Print only the lines below from the one with "2 .Makefile Error: Optimize.mk" to the one with "4、在课程详情页,勾选协议后点击立即报名,即可报名课程。", both included, exactly as they stand. Leave pictures out.
----- Input records
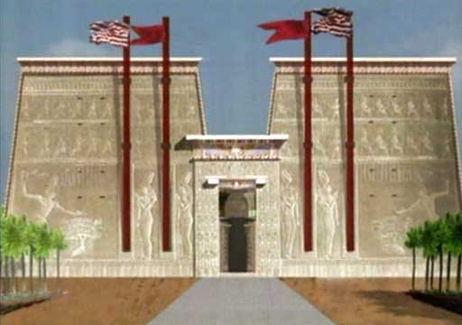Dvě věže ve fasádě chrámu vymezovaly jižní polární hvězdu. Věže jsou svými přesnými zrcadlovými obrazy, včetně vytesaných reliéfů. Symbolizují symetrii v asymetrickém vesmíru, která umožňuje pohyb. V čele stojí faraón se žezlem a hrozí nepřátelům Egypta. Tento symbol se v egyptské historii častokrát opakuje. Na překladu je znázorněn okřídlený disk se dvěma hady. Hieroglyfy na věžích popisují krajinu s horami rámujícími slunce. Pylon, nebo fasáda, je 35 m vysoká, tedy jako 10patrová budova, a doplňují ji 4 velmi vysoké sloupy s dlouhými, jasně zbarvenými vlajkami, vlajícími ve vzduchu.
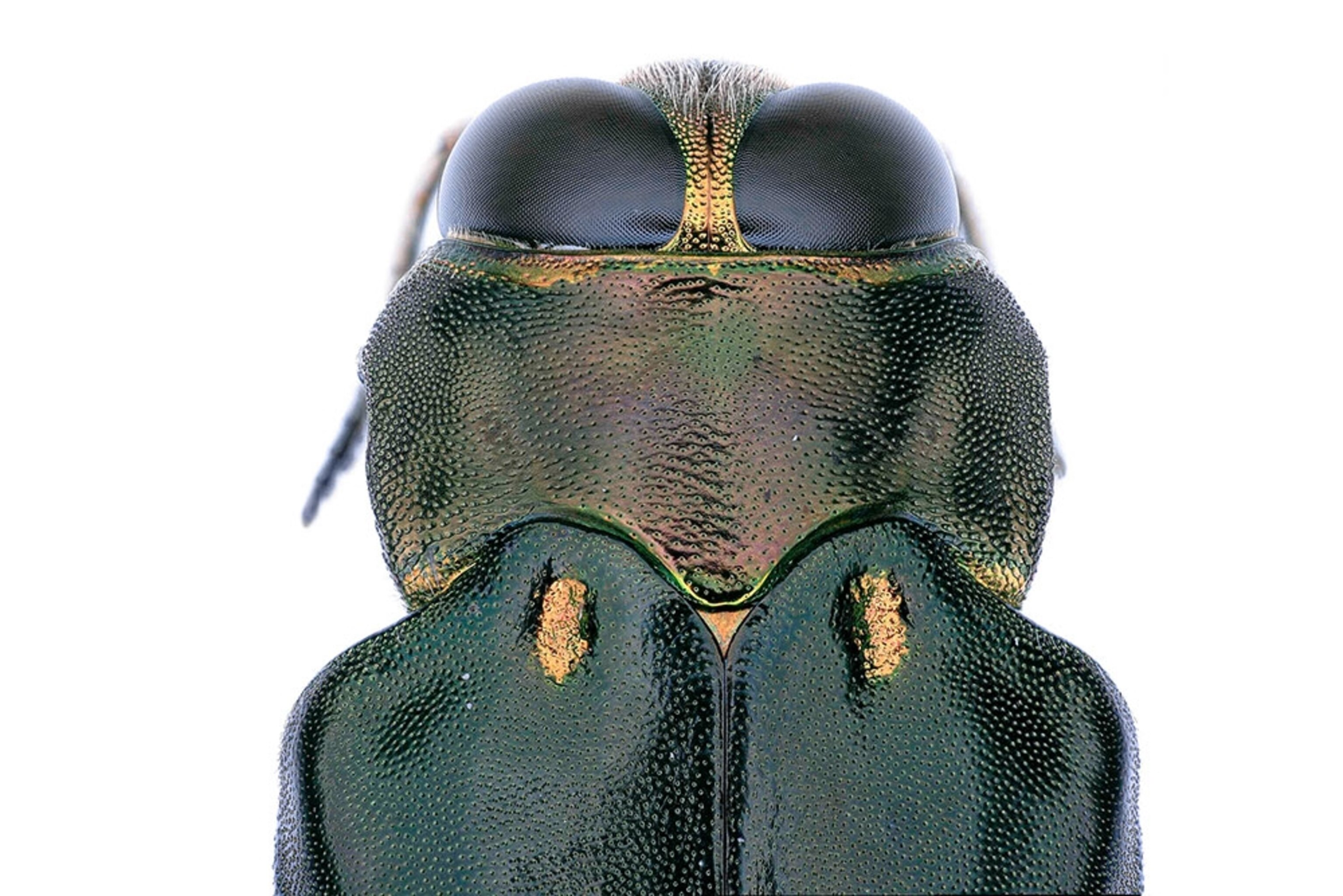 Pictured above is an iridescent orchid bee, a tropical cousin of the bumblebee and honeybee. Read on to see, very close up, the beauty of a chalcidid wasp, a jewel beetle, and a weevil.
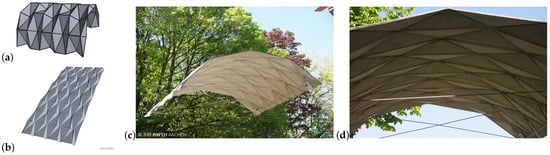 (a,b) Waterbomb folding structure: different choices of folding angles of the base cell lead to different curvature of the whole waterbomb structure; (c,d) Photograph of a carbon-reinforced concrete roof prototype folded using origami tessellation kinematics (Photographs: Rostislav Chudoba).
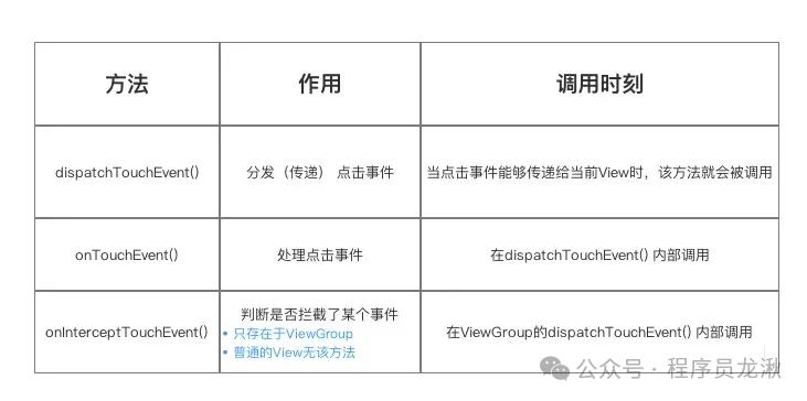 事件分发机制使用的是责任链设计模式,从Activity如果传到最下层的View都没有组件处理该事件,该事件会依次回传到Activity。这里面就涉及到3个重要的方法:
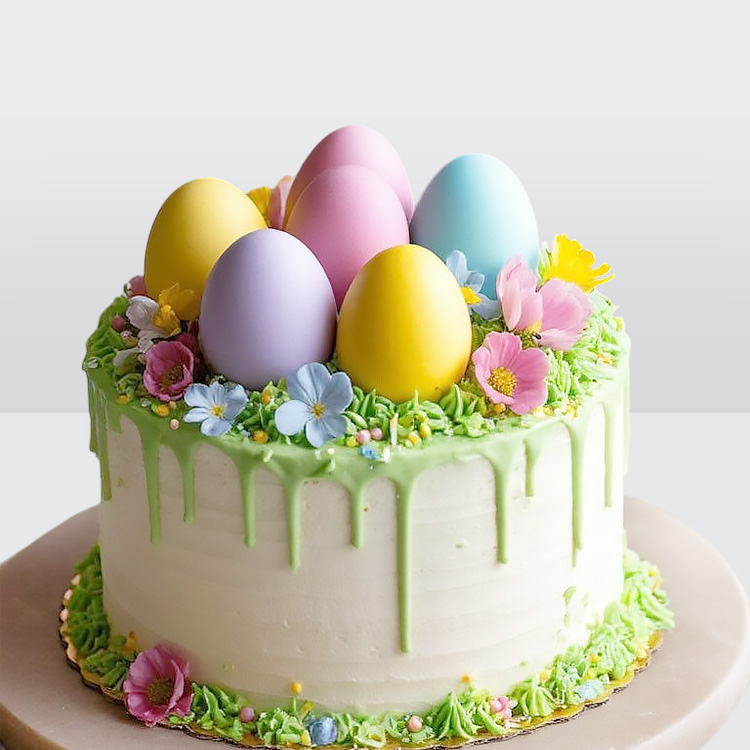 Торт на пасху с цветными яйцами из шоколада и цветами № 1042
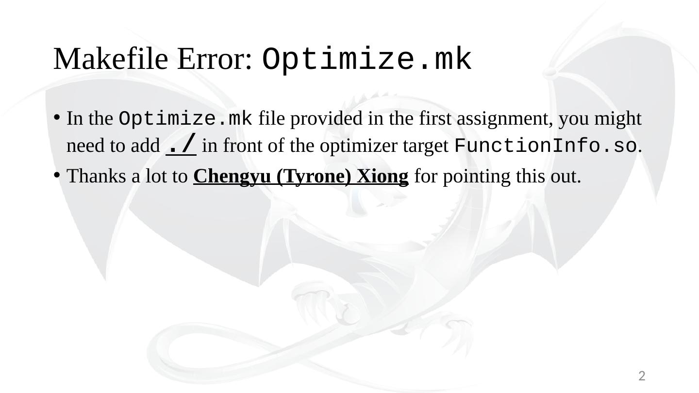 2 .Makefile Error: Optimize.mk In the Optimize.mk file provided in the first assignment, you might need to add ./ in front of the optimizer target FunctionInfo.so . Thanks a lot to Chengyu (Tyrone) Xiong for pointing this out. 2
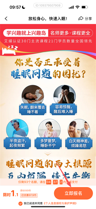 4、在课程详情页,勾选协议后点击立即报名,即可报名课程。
----------
----- Input records
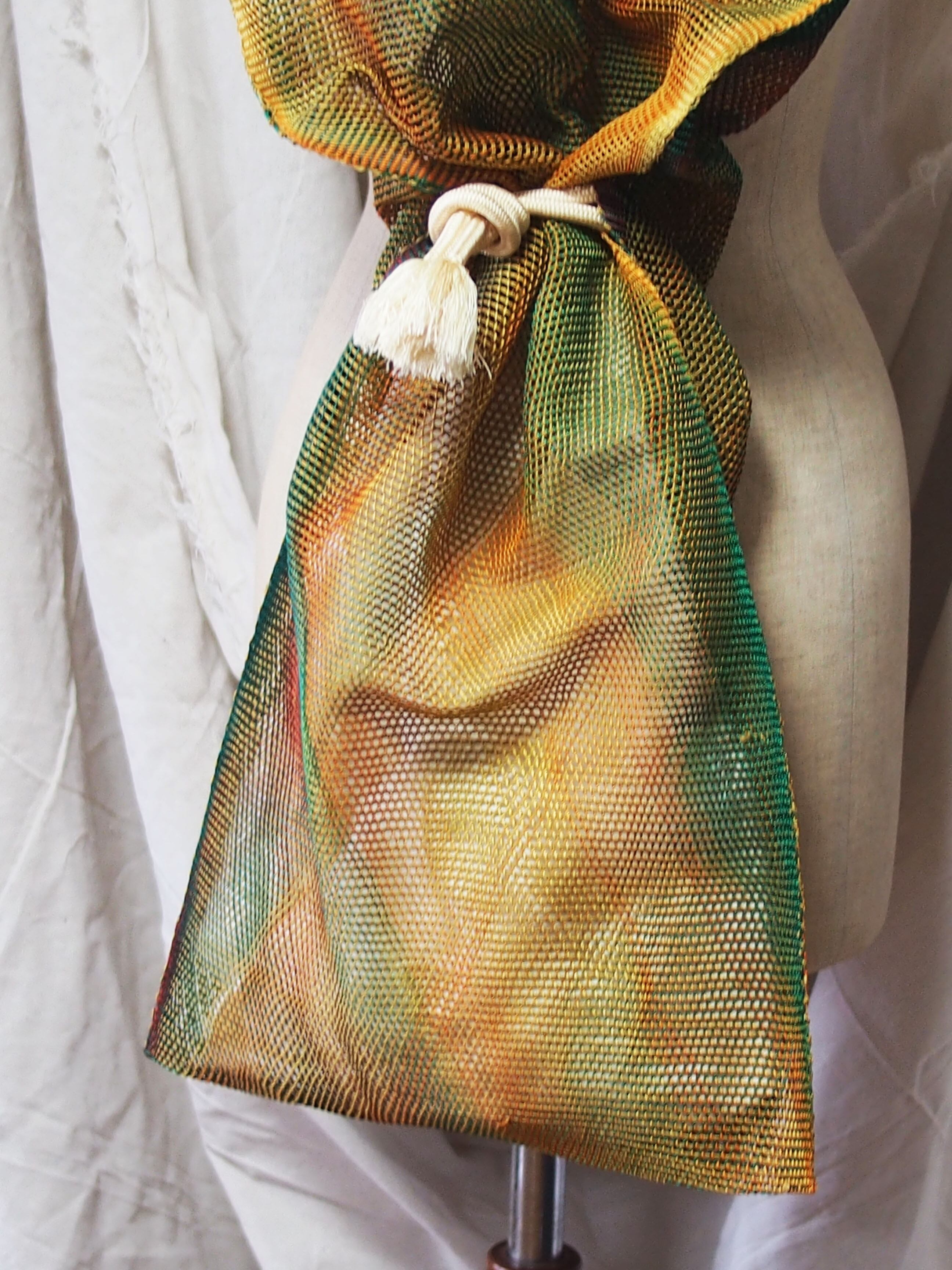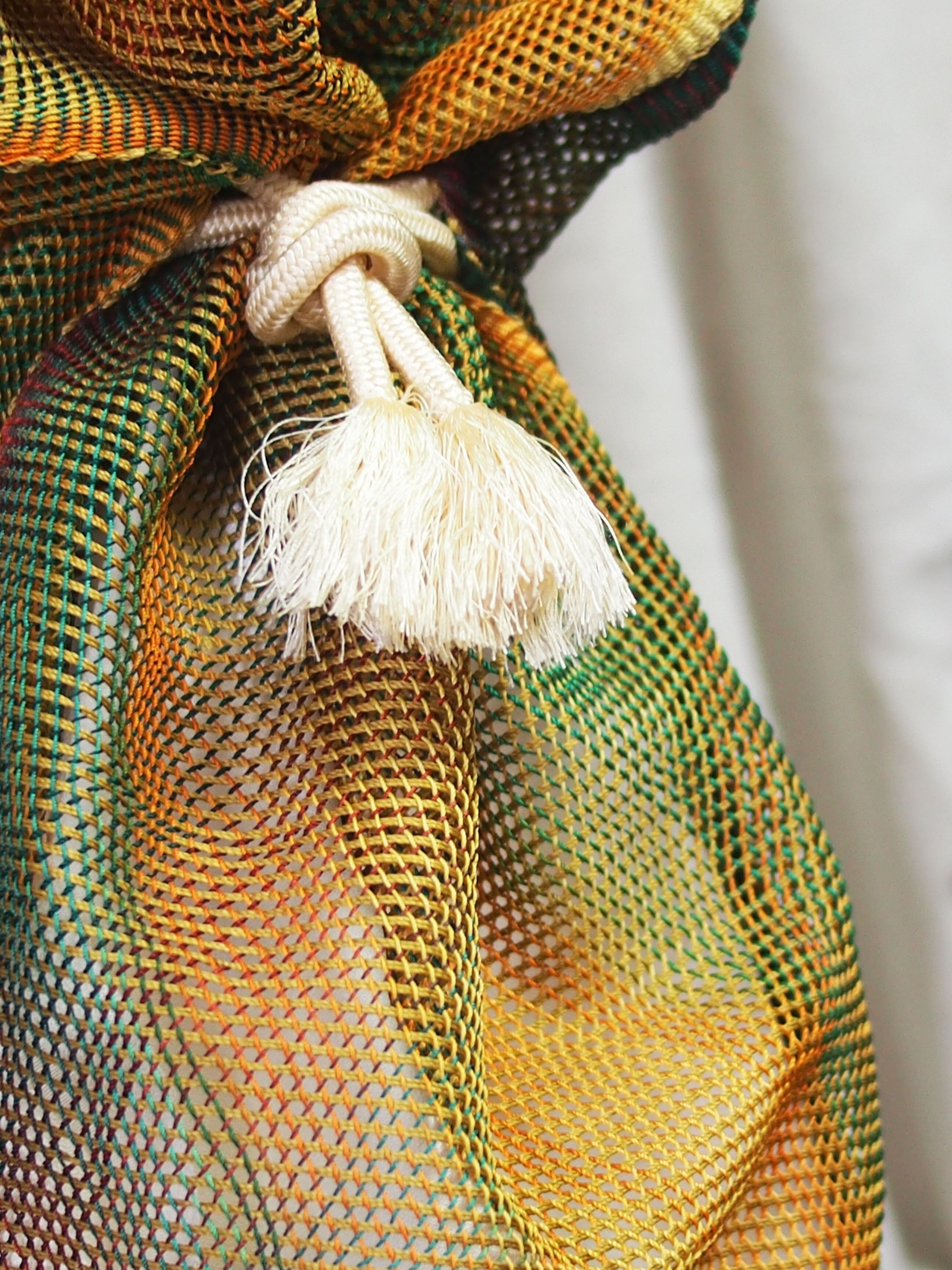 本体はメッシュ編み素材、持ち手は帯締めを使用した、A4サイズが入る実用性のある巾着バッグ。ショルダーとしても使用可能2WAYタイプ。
----------
> Answer to this problem:
 2 .Makefile Error: Optimize.mk In the Optimize.mk file provided in the first assignment, you might need to add ./ in front of the optimizer target FunctionInfo.so . Thanks a lot to Chengyu (Tyrone) Xiong for pointing this out. 2
 4、在课程详情页,勾选协议后点击立即报名,即可报名课程。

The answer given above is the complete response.